Water war

Local farmers protest proposal aimed at sustaining salmon

Lee Heringer (left) and his father, Les, are Butte County farmers opposed to a new water plan proposed by the state.

Lee Heringer (left) and his father, Les, are Butte County farmers opposed to a new water plan proposed by the state.

Photo by Graham Womack

Butte County farmers showed up in force to a rally at the state Capitol, riled by recently proposed updates to the Bay-Delta Plan aimed largely at buoying the state’s imperiled salmon population.

On July 6, the State Water Resources Control Board announced it was looking to increase water flows for portions of the Sacramento-San Joaquin River Delta. The board noted on its website that it was “part of a delicate balancing act—addressing an ecological crisis in the watershed and preventing further collapse of Bay-Delta fisheries while acknowledging the other vital water uses for millions of Californians.”

Local farmers, though, fear that 55 percent to 60 percent of water might be diverted under this plan, potentially harming agriculture. So on Monday (Aug. 20), the Butte County Farm Bureau sent two buses carrying approximately 80 people from Butte, Colusa, Glenn, Sutter, Tehama and Yuba counties to a “Stop the Water Grab” rally at the north steps of the Capitol in Sacramento.

“The impacts of the state water board’s Bay-Delta amendment is going to reach far and wide,” Colleen Cecil, executive director for the Butte County Farm Bureau, told the CN&R. “It’ll affect everybody in the state.”

An estimated 1,500 people attended the rally.

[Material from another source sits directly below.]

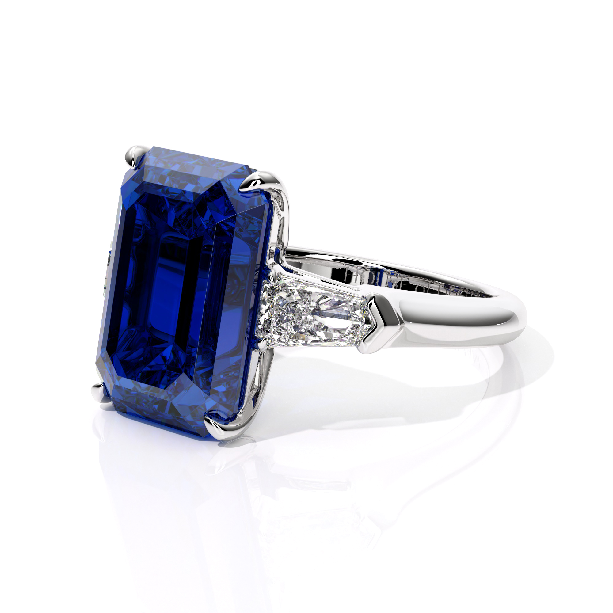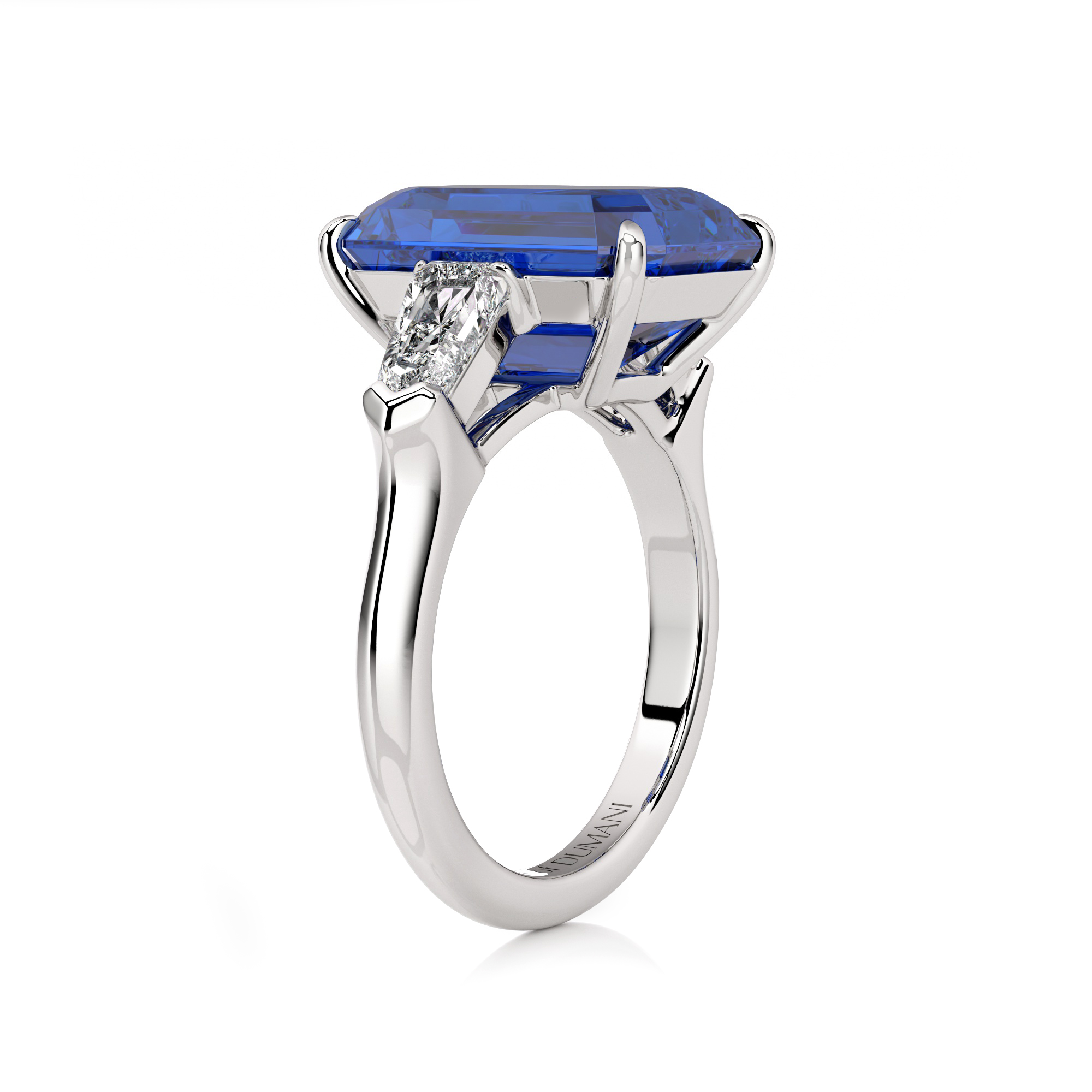 Featuring an 8.39-carat Royal Blue Madagascan sapphire, this ring is complemented by two identical tapered bullet-shaped diamonds. Set in platinum mounting, this piece is for those who appreciate bold colour and a classic design. The deep blue hue of the sapphire is eye-catching, which is enhanced by the brilliant diamonds to add a touch of sparkle. This ring will be a cherished addition to any collection.

The event attracted numerous local, state and federal officials, including U.S. Congressmen Doug LaMalfa, Tom McClintock, Jeff Denham and Jim Costa.

“We’re all Californians,” LaMalfa told the CN&R after giving a speech. “We’re all fighting for similar things.”

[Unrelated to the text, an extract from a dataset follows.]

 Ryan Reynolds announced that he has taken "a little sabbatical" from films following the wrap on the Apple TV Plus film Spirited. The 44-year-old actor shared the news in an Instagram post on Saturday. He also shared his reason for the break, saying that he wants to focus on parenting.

Les Heringer has managed the M&T Ranch just southwest of Chico since 1986, growing almonds, walnuts and prunes as well as beans and wheat. Heringer and his adult son Lee, who’s worked on the ranch 10 years, each made the trip to the Capitol.

“What brought me out here today is ag is fully engaged on protecting our water,” Les said. “If there’s no water, there’s no farm. We cannot farm without water.”

Lee agreed: “I think it’s important to show Sacramento how important of an issue this is to farmers,” he said. “It’s not just affecting people’s pocketbooks. It’s affecting their livelihoods and all the employees that depend on their income from these ranches to provide for their families.”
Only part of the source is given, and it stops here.